The Connection () is a 2014 action crime thriller film directed by Cédric Jimenez and produced by Alain Goldman. The film was inspired by the events of the French Connection in the 1970s, starring Jean Dujardin as police magistrate Pierre Michel (juge) and Gilles Lellouche as Gaëtan "Tany" Zampa, a drug gang ringleader. The film premiered at the Toronto International Film Festival on 10 September 2014.

Plot 
1970s Marseilles is ruled by a brutal drug gang importing morphine from Turkey, transforming it into heroin and exporting the product to New York under the gang name la French. The gang, led by the cold-hearted Gaètan Tany Zampa (Gilles Lellouche), is boosting its income from drug trafficking by doing extortion and robberies. Former Juvenile Court judge Pierre Michel (Jean Dujardin) is transferred to an organized crime unit, but finds out that la French's crimes are difficult or impossible to prove and that the police unit investigating heroin trade under Captain Aimé-Blanc has nothing relevant to report.
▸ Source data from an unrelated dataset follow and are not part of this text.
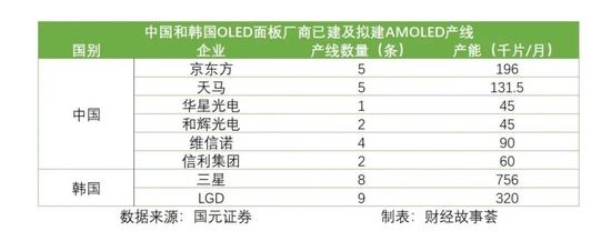 在產線代際層面,目前中國的面板企業有19條已經建立的AMOLED產線,總產能538千片/月;而韓國企業,共有17條產線,總產能卻達到1076千片/月。同時,國內的AMOLED產線,最高的是6代生產線,而韓國卻已經達到了10.5代際,兩國的面板企業產線仍有一定的差距。
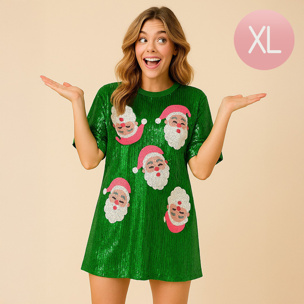 • Spread Christmas cheer in this sequin Santa face dress, designed to sparkle at every festive celebration. With its playful holiday motif and shimmering finish, this fun and stylish dress is perfect for parties, family gatherings, or any occasion that calls for a merry holiday look.
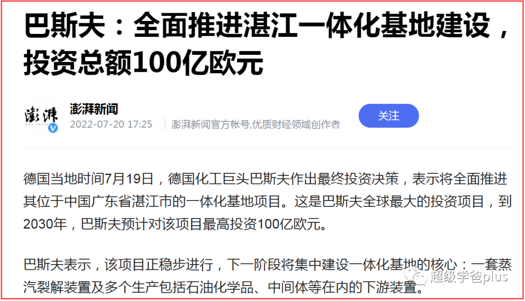 7月19日,巴斯夫歐洲公司做出了重大投資決策,全面推進其位於中國廣東省湛江市的一體化基地項目,投資額100億歐元,9月6日首套裝置已經投產。
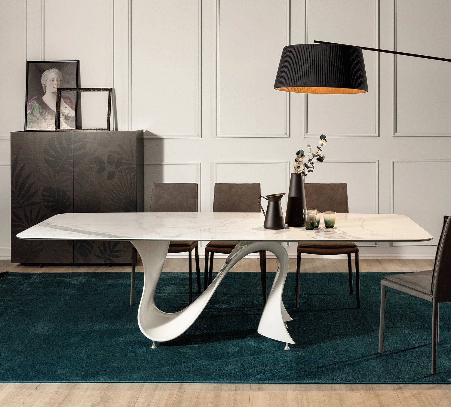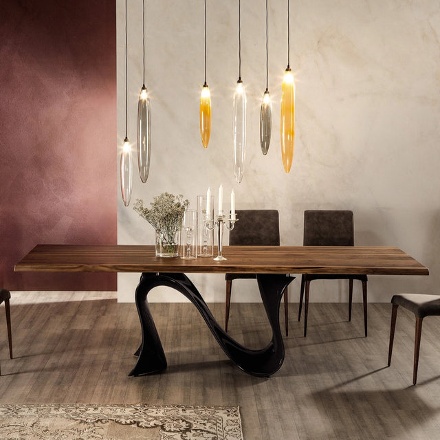 A Wave hosszú és változatos technikák eredménye, amelyek a különböző és innovatív anyagokkal való kidolgozáson alapulnak. Úgy döntöttünk, hogy Baydurt használunk, egy olyan anyagot, amely lehetővé tette, hogy az alap tökéletesen utánozza a hullám erős és határozott mozgását. Ellensúlyozásként az asztallapot úgy terveztük, hogy a lehető legstatikusabbnak tűnjön, egy vonal, amely megnyugtatja és újradefiniálja a hullámot. Fix és bővíthető kivitelben elérhető, szögletes, lekerekített vagy ovális alakú asztallappal.
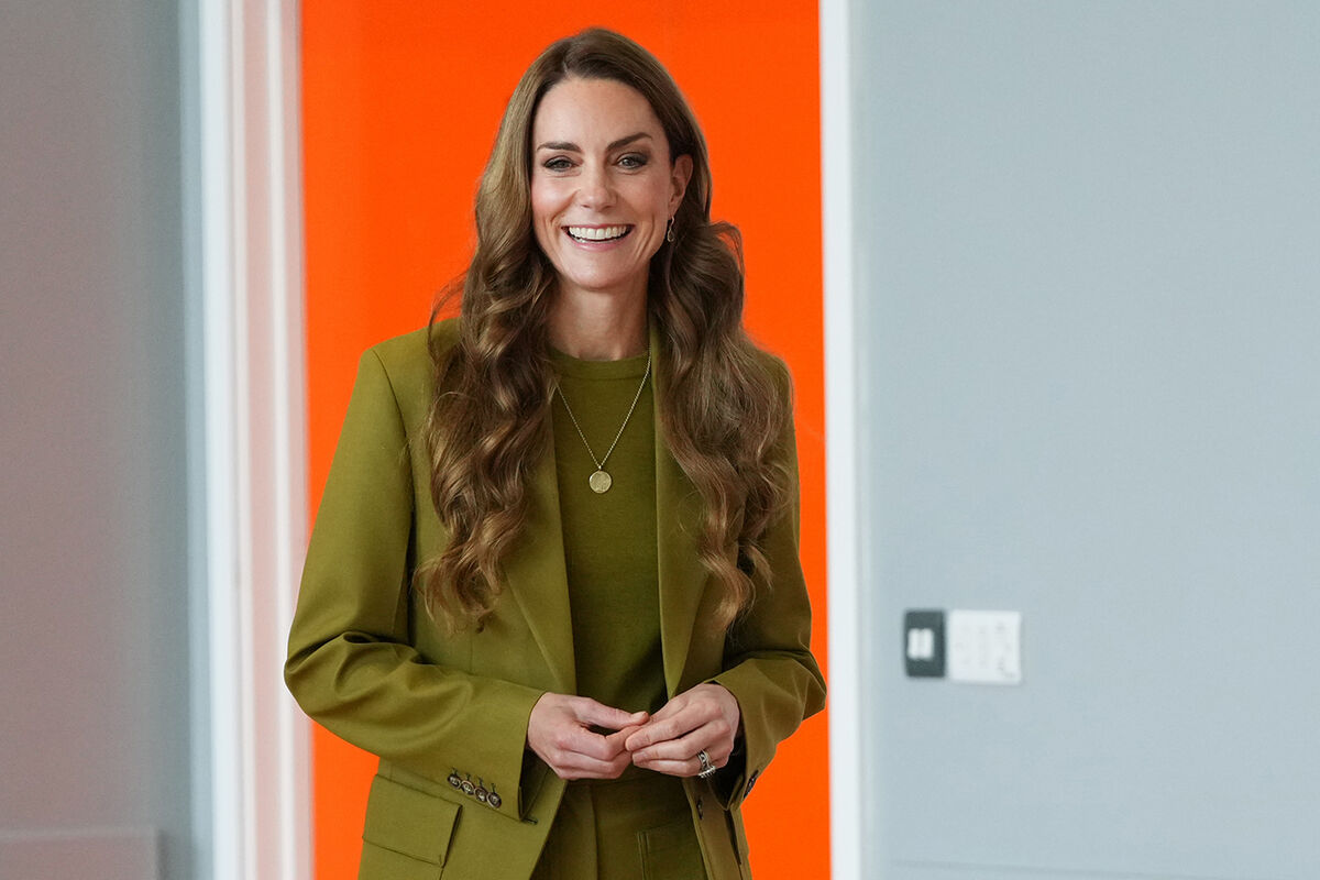 43-летняя принцесса Уэльская посетила благотворительную организацию Home-Start. Принцесса встретилась с семьями с детьми, которых поддерживает организация, и волонтерами, а также представила им серию анимационных фильмов своего Центра раннего детства. Для выхода на публику она предпочла зеленый костюм, который дополнила джемпером в тон и коричневыми лодочками на высоких каблуках. В комментариях образ Миддлтон сравнили с цветом «дубайского шоколада».

Following a tip given by one of Michel's informants, the heroin-addicted teenager Lily, they arrest Charles Peretti, an old Corsican chemist who formerly produced heroin for la French. After he refuses to give information about the gang and its leader, preferring to spend the rest of his life in prison rather than risk his life by collaborating with police, the gang murders Lily and her friend, Fabrizio Mandonato, Peretti's nephew. Enraged by Tany killing his informers and because he can find out nothing relevant about the gang, Michel orders all lower cadres of la French arrested, "cutting the octopus' arms". Feeling menaced by the aggressive behaviour of the new judge, one of Tany's lieutenants, "Le Fou", breaks with the gang leader. While trying to take over Zampa's criminal business, Le Fou is shot and wounded by Zampa and his men, but escapes from hospital and begins a bloody feud, killing two of the gang's leaders, Franky and Robert, both close friends of Tany. Enraged and grieving, Tany retaliates by brutally killing Le Fou's girlfriend and numerous innocent bystanders. Fearing the criminal feud will take more lives and appealing to the procurator, Michel manages to get illegal surveillance on all the criminals involved in the feud, successfully avoiding the confrontation between Tany and Le Fou and arresting Le Fou.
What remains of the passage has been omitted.